__WHAT NEEDS TO BE DONE__. Using the data below, print exactly the line with "Centro de Eventos do Norte da Ilha", the line with "1.2-rasm. Shova-Ogashi (Niigata, 1964", and every line between them, but none of the pictures.

__Excerpts from a dataset__.
----

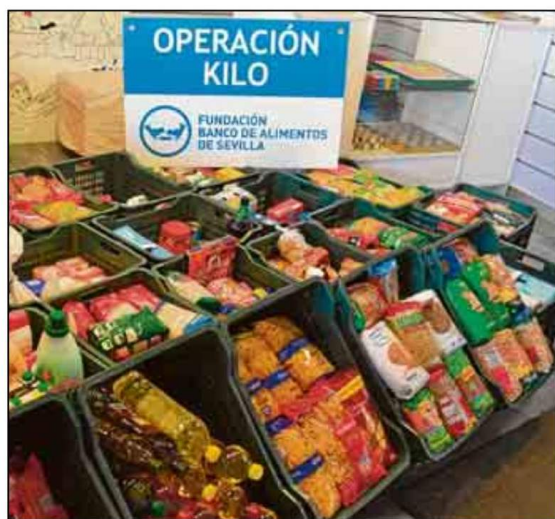
El SADUS promueve la recogida de alimentos no perecederos.

talaciones del Servicio de Actividades Deportivas de la US en el Complejo Deportivo Los Bermejales en horario de 10:00 a 14:00 horas y de 16:00 a 19:00 horas de la tarde.
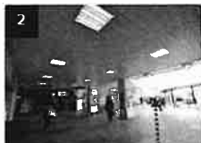
2 高輪口ロータリーの原島品川駅の改札方面に進みます。
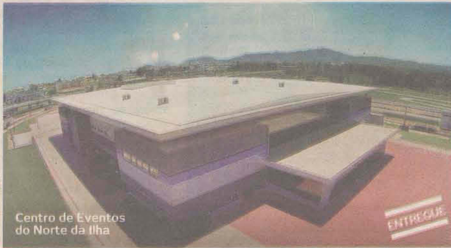
Centro de Eventos do Norte da Ilha
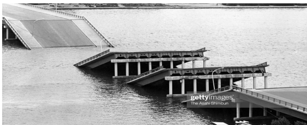
1.2-rasm. Shova-Ogashi (Niigata, 1964 y.) ko'prigini buzilishi

1.2-rasmda Niigatadagi (Yaponiya, 1964y.) 9-10 balli zilzila vaqtida Shova-Ogashi ko'prigini buzilish sxemasi keltirilgan. Ko'priklar bir qator bo'yicha joylashgan qoziqli tayanchlar, ikki tavrli po'lat to'sinli harakat qismi temir beton plitali uzlukli oraliq qurilmalardan iborat bo'lgan.
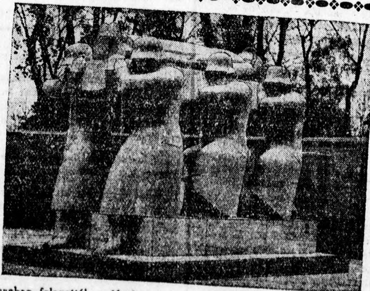
Würzburgban felavatták a Heuler szobrászművész alkotta monumentális hatású hősi emlékművet.

furfangos valutaüzérkedést követnek el. A főkapitányság intézkedésére ma délelőtt a négy detektívet őrizetbe vették, hogy ügyüket teljes mértékben

----

__FINISHED EXERCISE__.
Centro de Eventos do Norte da Ilha
1.2-rasm. Shova-Ogashi (Niigata, 1964 y.) ko'prigini buzilishi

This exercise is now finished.